= Supervillains (role-playing game) =

Tabletop superhero role-playing game

Supervillains is a superhero role-playing game published by Task Force Games in 1982.

==Gameplay==
Supervillains, set in New York City, is a combination of a board game and a role-playing game involving tactical combat between superheroes and supervillains. It is a "generic" superhero game that is not associated with a line of comics such as Marvel or DC.

The game comes with a board map and cardboard counters representing the pregenerated heroes and villains. A few role-playing rules are included.

==Publication history==
Supervillains was designed by Rick Register and published by Task Force Games in 1982.

==Reception==
Steve Perrin reviewed Supervillains for Different Worlds magazine and stated that "In general, I think that Supervillains might prove to be an entertaining diversion for one to two players, as the tactical elements of the game could provide enough variety for several play sessions. It also gives some ideas for a supervillain-point-of-view campaign, and a nice, if undetailed map of the boroughs of New York. However, don't expect to find a complete role-playing game."

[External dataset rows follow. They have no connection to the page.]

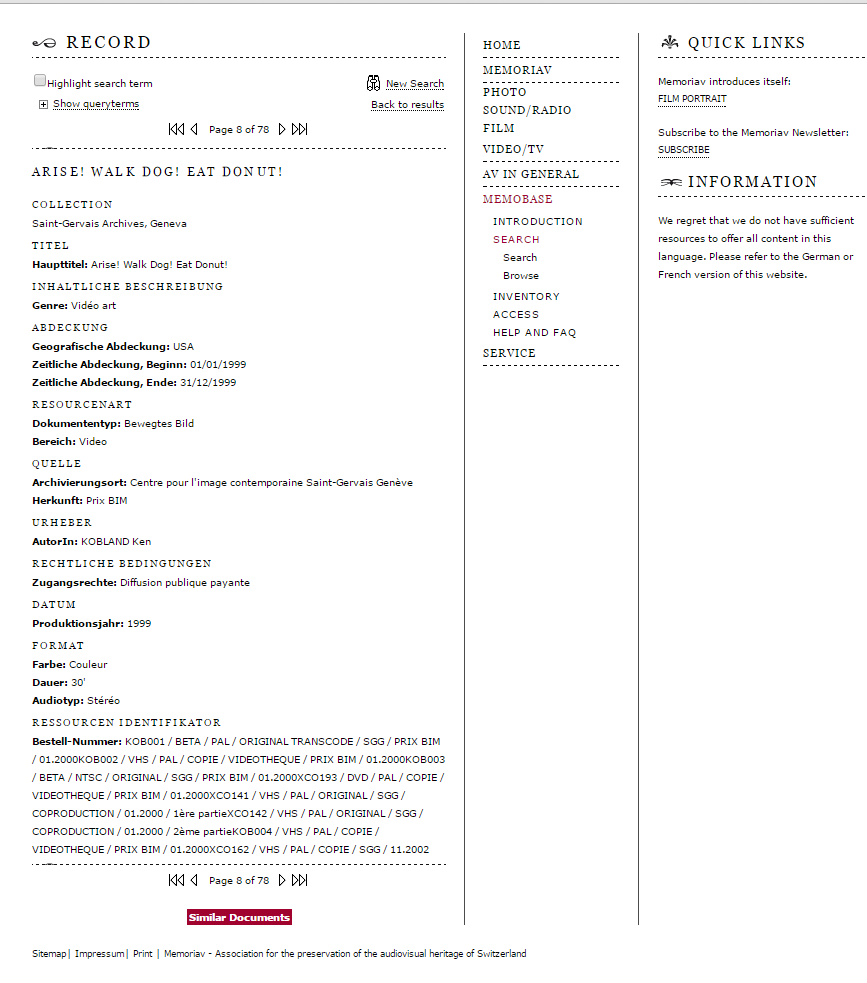 Memoriav aboga por un mejor acceso a los inventarios de vídeo, por lo que, por ejemplo, las producciones de televisión guardados con su ayuda pueden ser puestas a disposición del público en general.
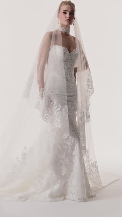 The Isabel Gown is a romantic, figure-flattering silhouette crafted for timeless elegance. A soft sweetheart neckline and fitted strapless bodice highlight the décolletage, while intricate French lace overlays delicate Chantilly lace, creating depth and texture. The basque waist subtly cinches the figure, blending classic sophistication with modern refinement. Isabel is perfect for brides seeking a gown that is both graceful and effortlessly enchanting.
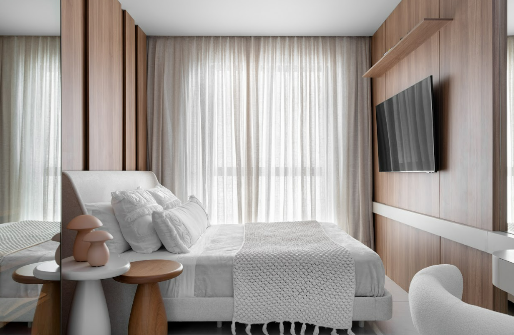 O dormitório possui elementos com identidade, sensibilidade e alto rigor estético
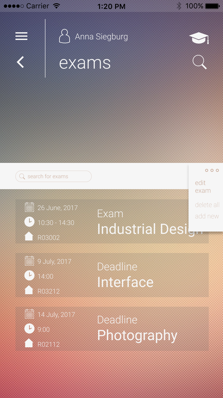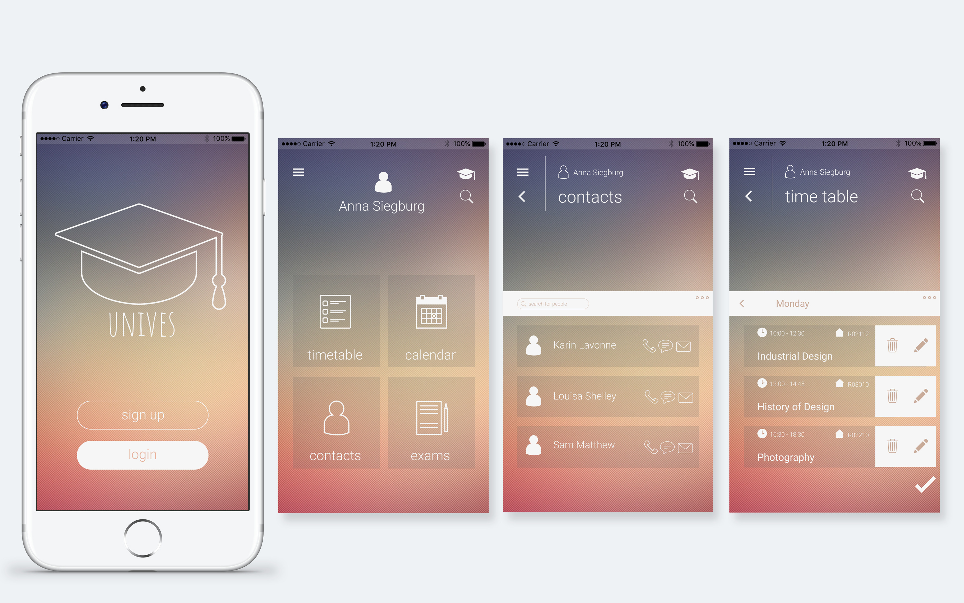 Unives _ Interfacedesign sowie Prototyping der App "Unives", welche das Studentenleben erleichtern soll.
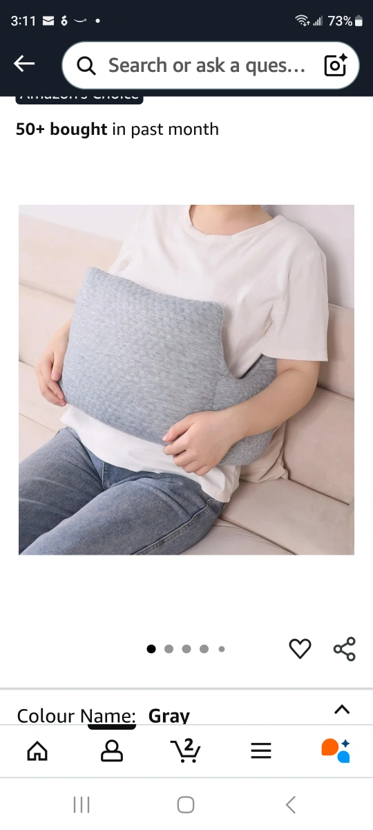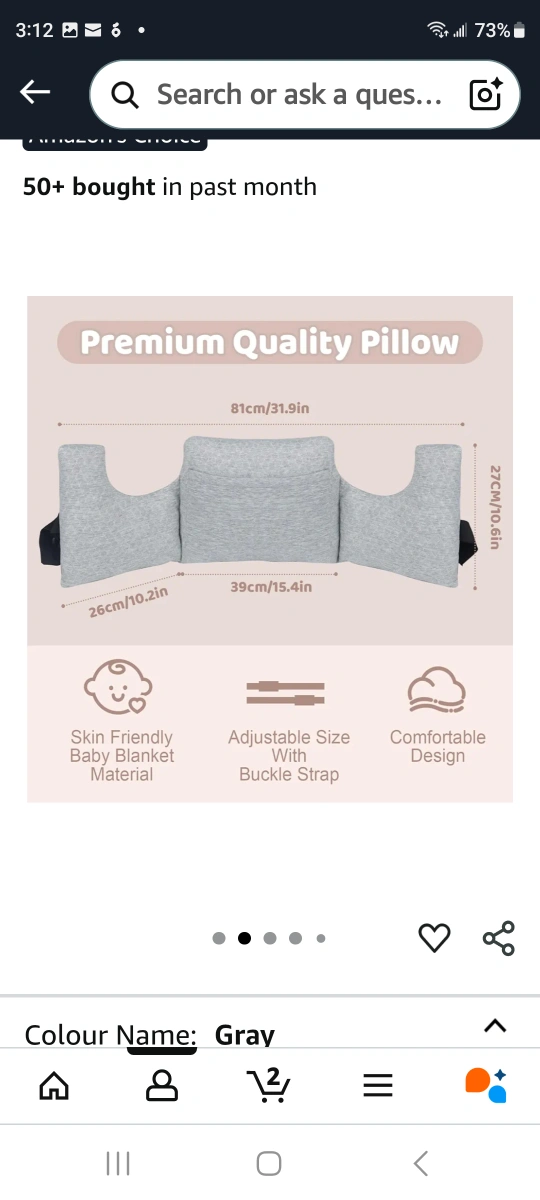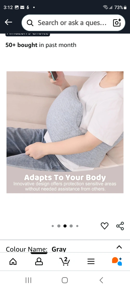 This is a premium quality pillow in gray. It adapts to your body with an innovative design that offers protection to sensitive areas without needing assistance from others. It's made with skin-friendly baby blanket material and has an adjustable size with a buckle strap. It also has a comfortable design. Dimensions are 81cm/31.9in, 27cm/10.6in, and 26cm/10.2in
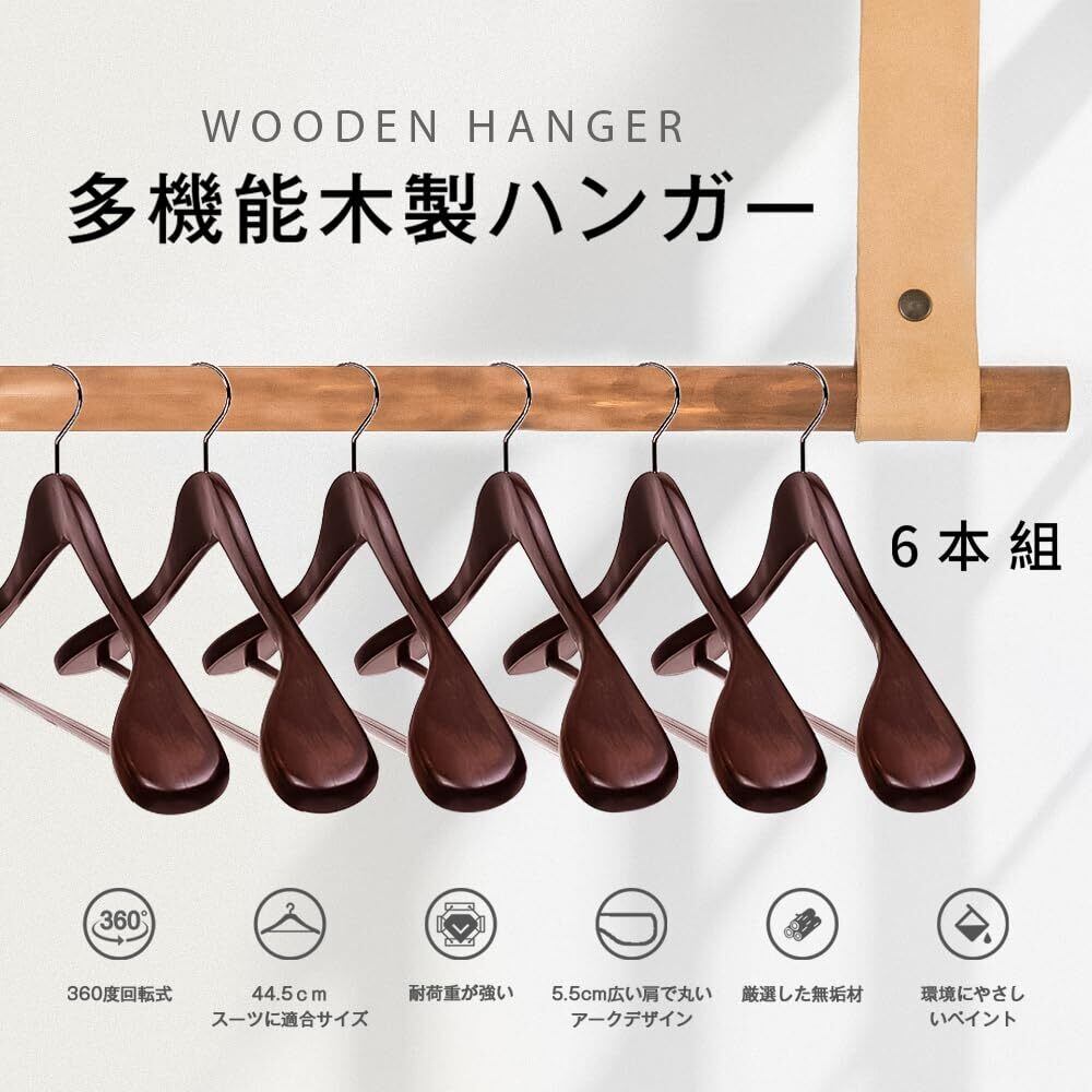【新着商品】木製ハンガー 6本セット ハンガー 木製 メンズ スーツハンガー 型崩れ防止 360度回転
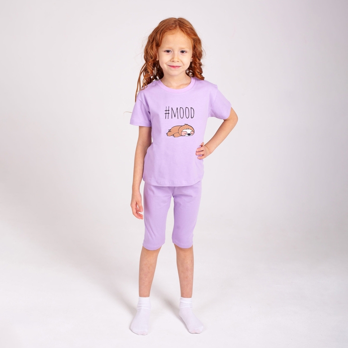 Пижама для девочки (футболка/шорты), цвет сиреневый, рост 116 см
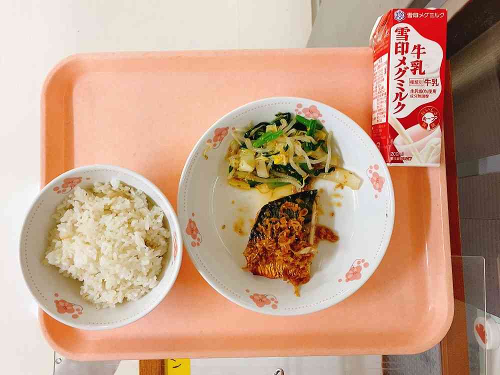 ごはん、さばのネギソースがけ、おひたし(ごまかけ)

In Issue 56 of The Space Gamer, Steve List commented that "While super-powered villains are the stuff of comic books, a game about them must be designed at a level demonstrating more sophistication than a comic book. SV fails in this regard. Mr. Register has a vivid imagination, but has failed to translate his ideas into a coherent form. Coupled with this is the typical lack of care shown by [Task Force Games] in proofreading, editing, and organizing their products. The combination is deadly. Avoid Supervillains."

In his 1990 book The Complete Guide to Role-Playing Games, game critic Rick Swan questioned whether this was a role-playing game at all, writing, "there's a lot more board-gaming than role-playing, and it's dismal board-gaming at that." Swan found the rules were "so full of holes that the players are virtually forced to invent their own game." Swan concluded by giving this game a dismal rating of only 1 out of 4.